Word for word, give the data again without its pictures.

----- Available data -----

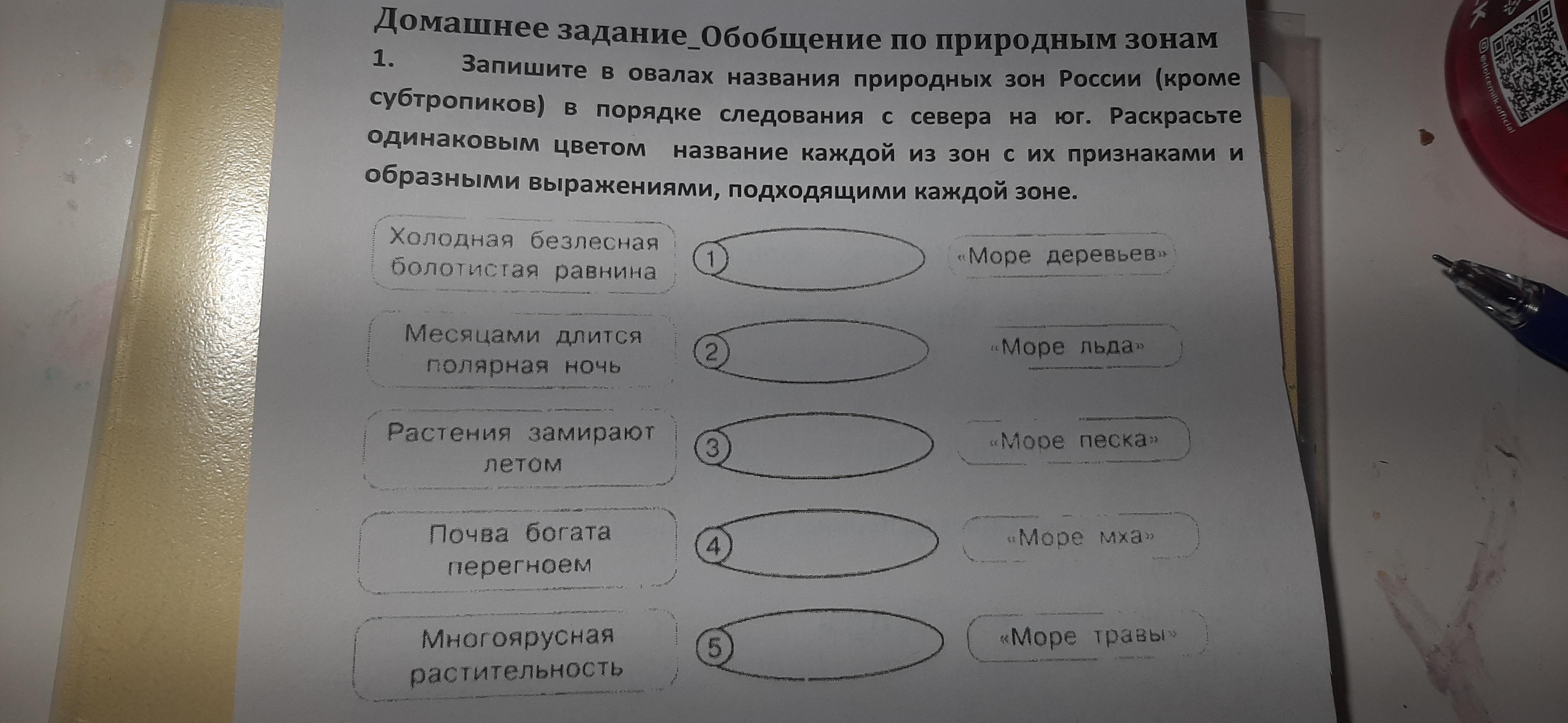 Помогите!!Запишите в подвалах названия природных зон России (кроме субтропиков)в порядке следования с севера на юг раскрасте одинаковым цветом название из каждой из зон с их признаками и образным выраженными, подходящими каждой зоне
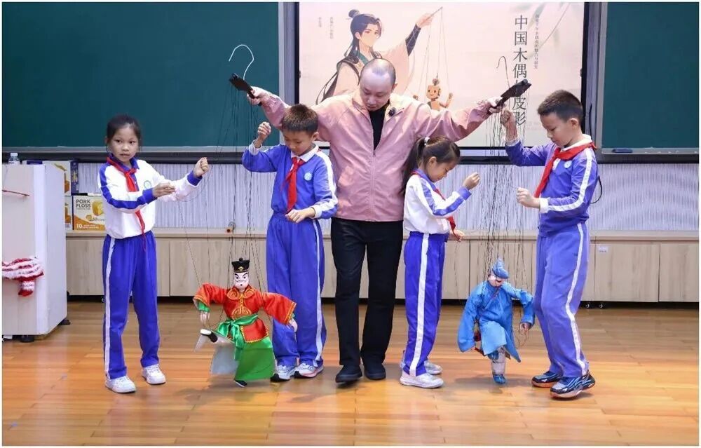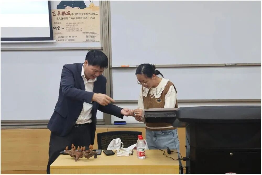 “艺+欢乐市民”板块的6场传统文化讲座,核心并非简单的“非遗展示”,而是实现传统艺术与当代生活的深度对话,让文化遗产从“博物馆展品” 转变为“可感知、可运用的生活资源”。青年木偶表演艺术家蔡佳捷在荔园小学的讲座中既带来精彩纷呈的木偶戏与皮影戏展演,又详解木偶制作材料的独特质感、提线木偶关节的灵活构造,亲自指导学生上台体验提线木偶与布袋木偶的操控技巧,通过知识性与趣味性兼具的互动讲解,将非遗传承与青少年美育深度融合,播下文化自信的种子;谢氏核雕传承人胡堂山在北大深研院分享“5分钟解析核雕核心”,与在校生问答互动,现场传艺,让匠心“于方寸之间”与当代青年形成共鸣。
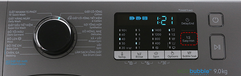 Khi nhấn nút "Easy Iron" quần áo của bạn sẽ được giảm thiểu nếp nhăn khi vắt, nhờ vậy việc là ủi sau mỗi mẻ giặt sẽ trở nên nhanh chóng và đơn giản.
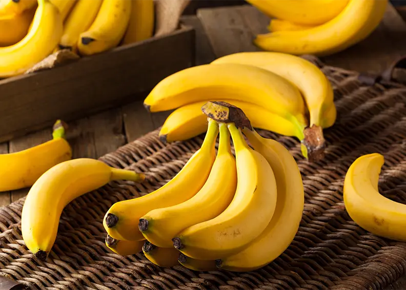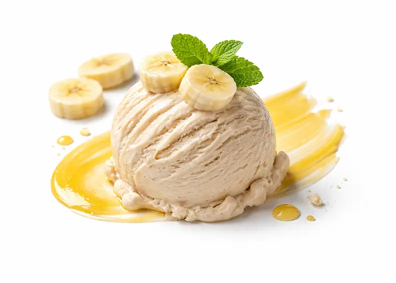Banane (1) 60%, sucre, eau, fibres de maïs, jus de citron, protéine de pomme de terre, stabilisants (farine de graines de caroube, pectine), antioxydant (acide ascorbique).

-----

Your solution.
 Помогите!!Запишите в подвалах названия природных зон России (кроме субтропиков)в порядке следования с севера на юг раскрасте одинаковым цветом название из каждой из зон с их признаками и образным выраженными, подходящими каждой зоне
 “艺+欢乐市民”板块的6场传统文化讲座,核心并非简单的“非遗展示”,而是实现传统艺术与当代生活的深度对话,让文化遗产从“博物馆展品” 转变为“可感知、可运用的生活资源”。青年木偶表演艺术家蔡佳捷在荔园小学的讲座中既带来精彩纷呈的木偶戏与皮影戏展演,又详解木偶制作材料的独特质感、提线木偶关节的灵活构造,亲自指导学生上台体验提线木偶与布袋木偶的操控技巧,通过知识性与趣味性兼具的互动讲解,将非遗传承与青少年美育深度融合,播下文化自信的种子;谢氏核雕传承人胡堂山在北大深研院分享“5分钟解析核雕核心”,与在校生问答互动,现场传艺,让匠心“于方寸之间”与当代青年形成共鸣。
 Khi nhấn nút "Easy Iron" quần áo của bạn sẽ được giảm thiểu nếp nhăn khi vắt, nhờ vậy việc là ủi sau mỗi mẻ giặt sẽ trở nên nhanh chóng và đơn giản.
Banane (1) 60%, sucre, eau, fibres de maïs, jus de citron, protéine de pomme de terre, stabilisants (farine de graines de caroube, pectine), antioxydant (acide ascorbique).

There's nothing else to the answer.